To do: The stretch wanted below opens at the line containing "Det är det som" and closes at the line containing "sonstiges: mit Rädern". Please return it exactly, with no other lines.

Record set:
━━━━━━━━━━━━━━━━
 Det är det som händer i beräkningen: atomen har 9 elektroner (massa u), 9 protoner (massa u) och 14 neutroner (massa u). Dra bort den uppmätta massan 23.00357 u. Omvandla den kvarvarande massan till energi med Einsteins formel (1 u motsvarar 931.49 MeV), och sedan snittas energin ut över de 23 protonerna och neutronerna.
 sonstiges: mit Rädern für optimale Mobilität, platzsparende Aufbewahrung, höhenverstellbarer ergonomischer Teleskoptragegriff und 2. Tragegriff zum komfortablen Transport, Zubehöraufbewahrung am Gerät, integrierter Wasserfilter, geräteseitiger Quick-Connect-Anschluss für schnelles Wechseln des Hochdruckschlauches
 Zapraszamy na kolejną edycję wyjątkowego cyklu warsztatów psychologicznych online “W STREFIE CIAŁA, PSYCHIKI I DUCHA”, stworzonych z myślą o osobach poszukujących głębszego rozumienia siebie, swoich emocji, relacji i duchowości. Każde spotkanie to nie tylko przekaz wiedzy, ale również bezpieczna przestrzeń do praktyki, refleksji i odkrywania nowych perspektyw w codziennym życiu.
━━━━━━━━━━━━━━━━
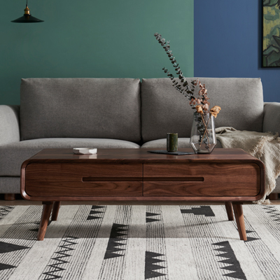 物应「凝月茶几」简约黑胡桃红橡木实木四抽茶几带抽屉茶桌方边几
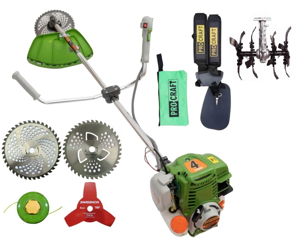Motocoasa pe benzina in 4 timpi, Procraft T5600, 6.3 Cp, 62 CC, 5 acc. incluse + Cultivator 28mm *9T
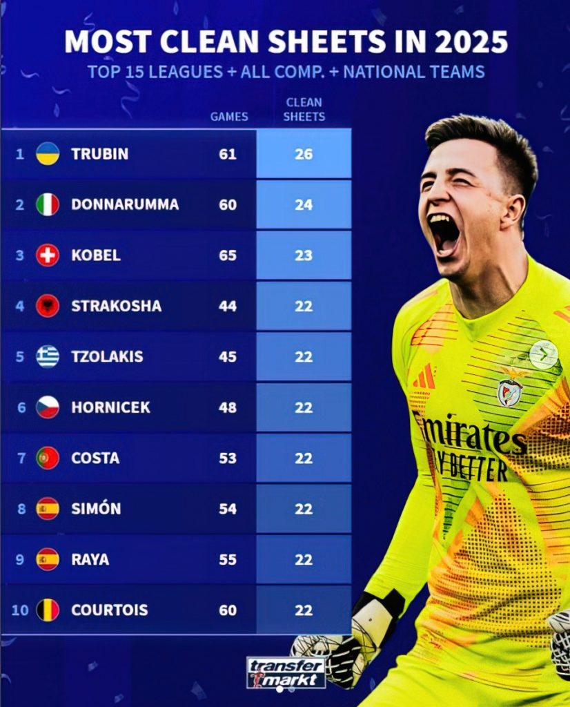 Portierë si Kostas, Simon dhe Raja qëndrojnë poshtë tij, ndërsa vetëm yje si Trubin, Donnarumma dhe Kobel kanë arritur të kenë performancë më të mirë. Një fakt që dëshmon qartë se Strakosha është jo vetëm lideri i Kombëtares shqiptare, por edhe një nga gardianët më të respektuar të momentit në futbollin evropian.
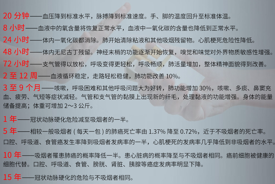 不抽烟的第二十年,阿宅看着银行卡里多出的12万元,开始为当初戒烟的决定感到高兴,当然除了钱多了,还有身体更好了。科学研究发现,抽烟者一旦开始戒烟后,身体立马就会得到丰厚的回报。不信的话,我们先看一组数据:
━━━━━━━━━━━━━━━━
Written solution:
 Det är det som händer i beräkningen: atomen har 9 elektroner (massa u), 9 protoner (massa u) och 14 neutroner (massa u). Dra bort den uppmätta massan 23.00357 u. Omvandla den kvarvarande massan till energi med Einsteins formel (1 u motsvarar 931.49 MeV), och sedan snittas energin ut över de 23 protonerna och neutronerna.
 sonstiges: mit Rädern für optimale Mobilität, platzsparende Aufbewahrung, höhenverstellbarer ergonomischer Teleskoptragegriff und 2. Tragegriff zum komfortablen Transport, Zubehöraufbewahrung am Gerät, integrierter Wasserfilter, geräteseitiger Quick-Connect-Anschluss für schnelles Wechseln des Hochdruckschlauches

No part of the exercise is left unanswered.